The response should contain only the line with "- Gourmet samoosas" and every line after it to the end of the listing below, duplicated exactly; no picture belongs in it.

┄┄┄┄┄┄┄┄┄┄┄┄┄┄┄┄┄┄┄┄

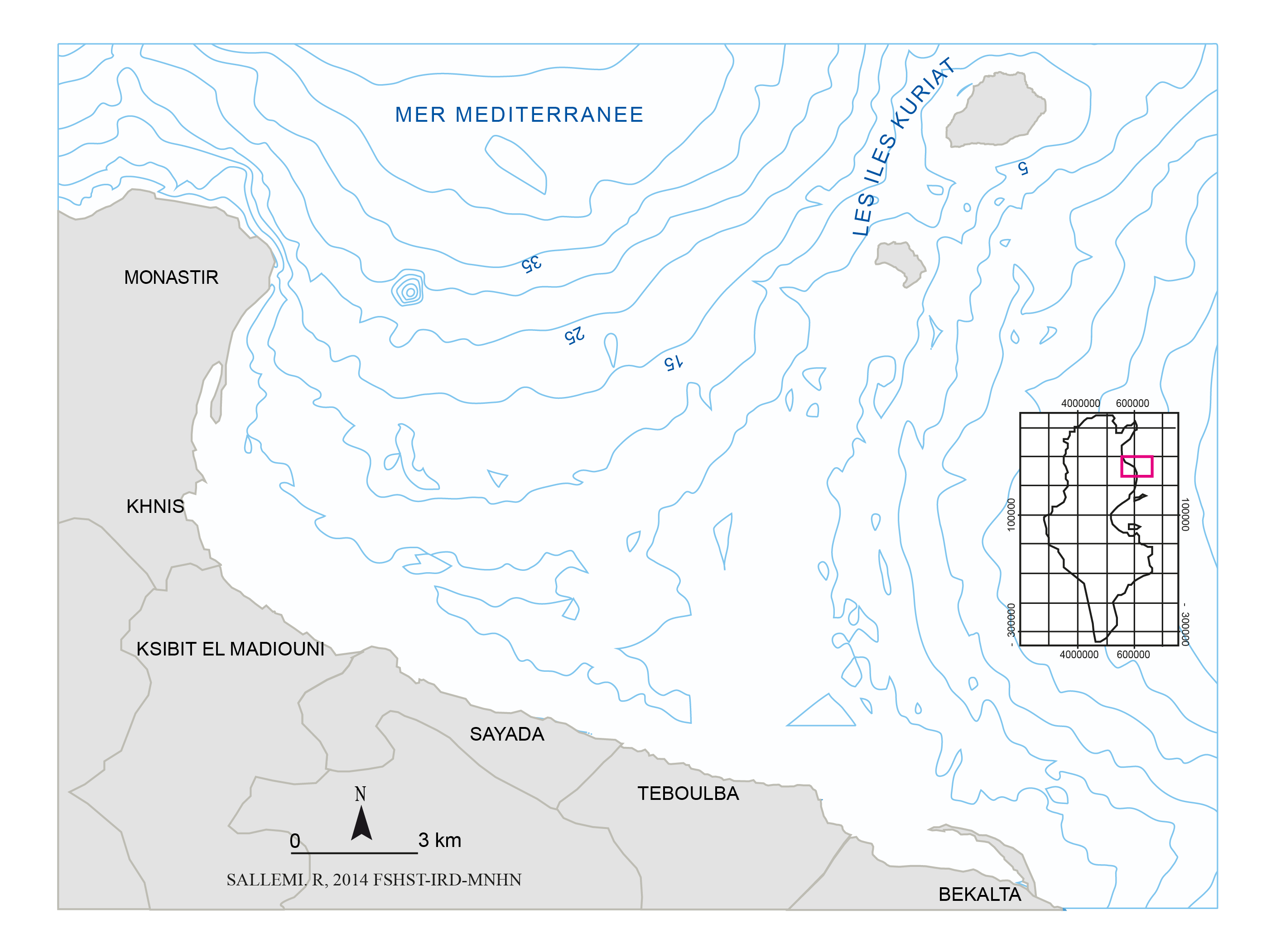 Figure 1 : contexte géographique de la baie de Monastir et des ßles Kuriat
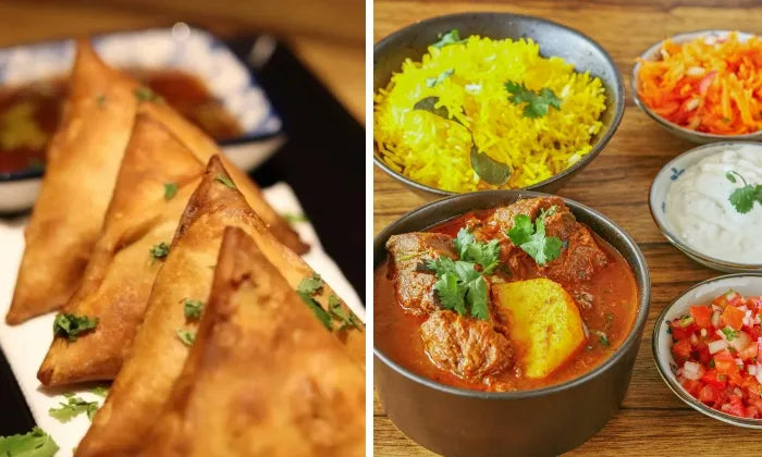- Gourmet samoosas (3): chicken or sweet potato & pea
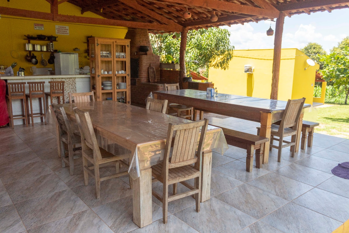 Acomode-se com sua Família - combo bronze Chácara estilo fazenda, construída em 2021, arejada/ventilada, com tv Android + Sky, Wi-Fi piscina grande, varanda e area de churrasco, fogão a lenha, fogão a gás, forno semi-industrial, panela elétrica, tudo para seu conforto em meio a natureza, além de estar perto da Serra da Canastra e tbm há 55 minutos dos Canyons de Capitólio e a 15 minutos do Glória. *s/ roupa de cama e banho *s/ café da manhã
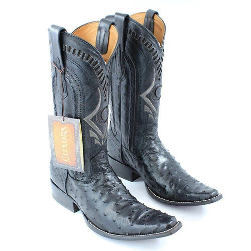 Cuadra brings you these men’s ostrich european toe boots. With beautiful laser cut details & stitching on a leather upper.Â
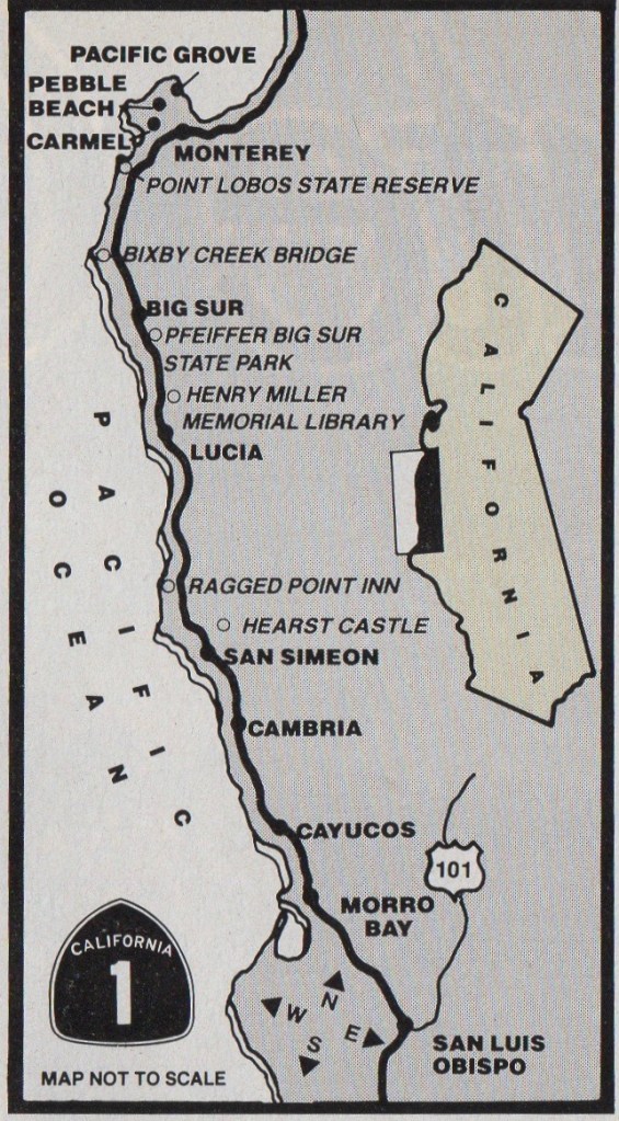 “Soon,” Dorothy said, “we see the first of 32 bridges… and remember the sign near Point Lobos that promised ‘Hills, Curves Next 74 Miles.’ ”

┄┄┄┄┄┄┄┄┄┄┄┄┄┄┄┄┄┄┄┄

• _The completed task_:
- Gourmet samoosas (3): chicken or sweet potato & pea
 Acomode-se com sua Família - combo bronze Chácara estilo fazenda, construída em 2021, arejada/ventilada, com tv Android + Sky, Wi-Fi piscina grande, varanda e area de churrasco, fogão a lenha, fogão a gás, forno semi-industrial, panela elétrica, tudo para seu conforto em meio a natureza, além de estar perto da Serra da Canastra e tbm há 55 minutos dos Canyons de Capitólio e a 15 minutos do Glória. *s/ roupa de cama e banho *s/ café da manhã
 Cuadra brings you these men’s ostrich european toe boots. With beautiful laser cut details & stitching on a leather upper.Â
 “Soon,” Dorothy said, “we see the first of 32 bridges… and remember the sign near Point Lobos that promised ‘Hills, Curves Next 74 Miles.’ ”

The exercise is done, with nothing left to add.